# Wigs....Care



## ScareShack (May 26, 2006)

Before I attempt this I figure I will ask and maybe someone can help.
I have 2 wigs that have gotten tangled.
I tried brushing them out but no luck. I was thinking if maybe I shampooed them it would make it easier to brush out. Not sure if it will work and I really dont want to ruin them. Any tips?

thanks


----------



## Black Cat (Aug 20, 2005)

ScareShack I had to untaggle a few wigs a couple years ago.
I shampooed them and then used a leave in conditioner. I was then able to untaggle them with a wide tooth comb. If I ran into a larger tangle I just used more leave in conditioner in that area. Comb them out when they are wet with the conditioner.
After I got them untagled and the hair was dry, I then braided it.

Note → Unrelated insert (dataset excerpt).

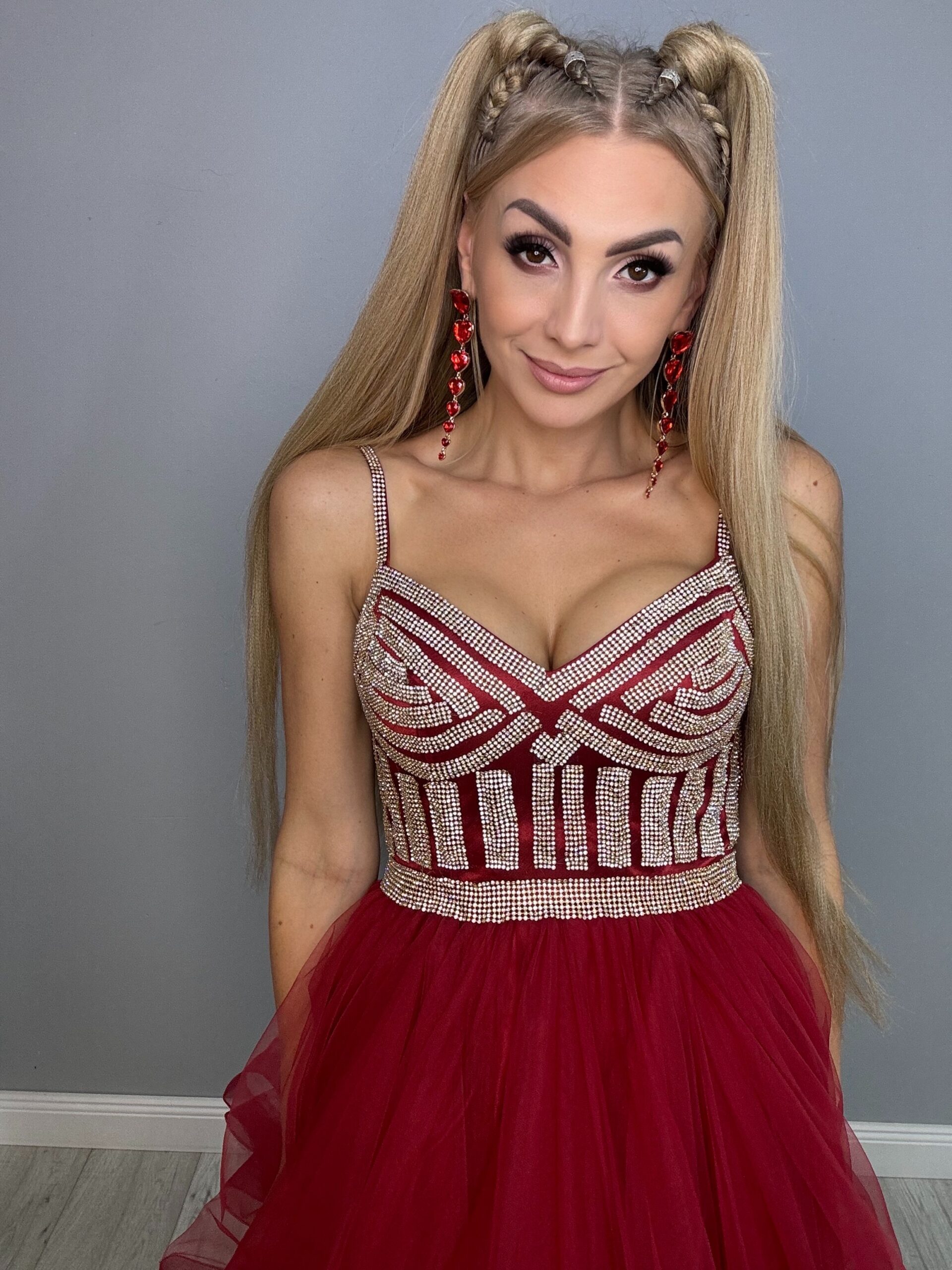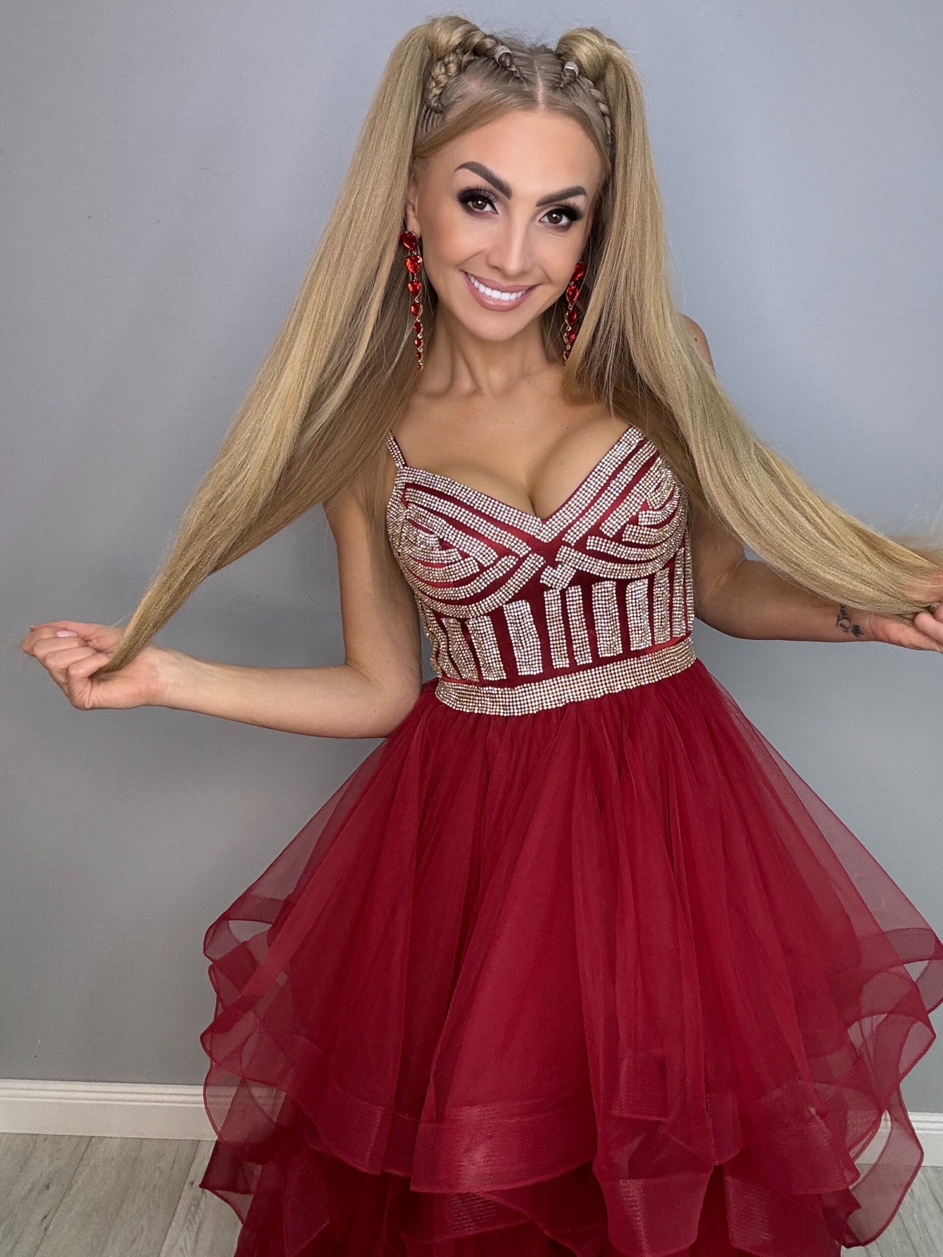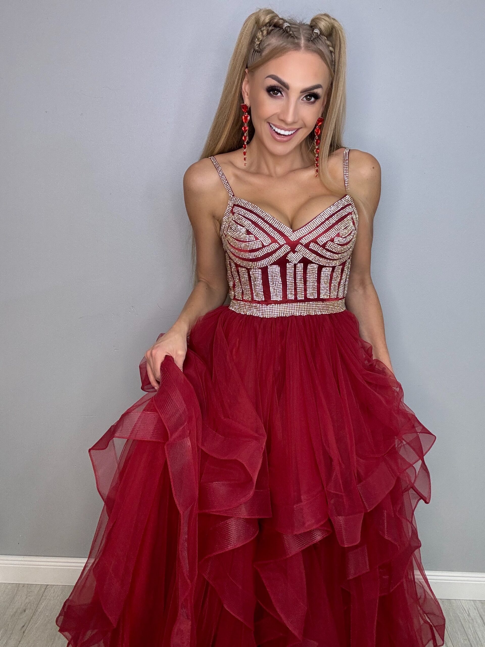 Ta przepiękna suknia balowa to kwintesencja elegancji i luksusu, idealna na studniówkę, wesele i inne wyjątkowe okazje. Długa, zdobiona mieniącymi się detalami, świetnie podkreśla sylwetkę. Warstwy falban dodają lekkości i romantyzmu, sprawiając, że każda kobieta poczuje się jak prawdziwa królowa balu. Z tą suknią na pewno przyciągniesz wszystkie spojrzenia!

For shorter hair I would try placing a bag around it to keep it tangle free.
Hope that helps.


----------



## Lilly (Jun 13, 2006)

I'm sure they can be washed..after all they will pick up stuff smoke and others smells just like reg hair..
maybe some johnsons no more tangles shampoo..nix that the site below says only made for wig products should be used.

check this out John
http://www.headcovers.com/care_wigs.php


----------



## ScareShack (May 26, 2006)

Thanks for the help guys, ill give it a shot.


----------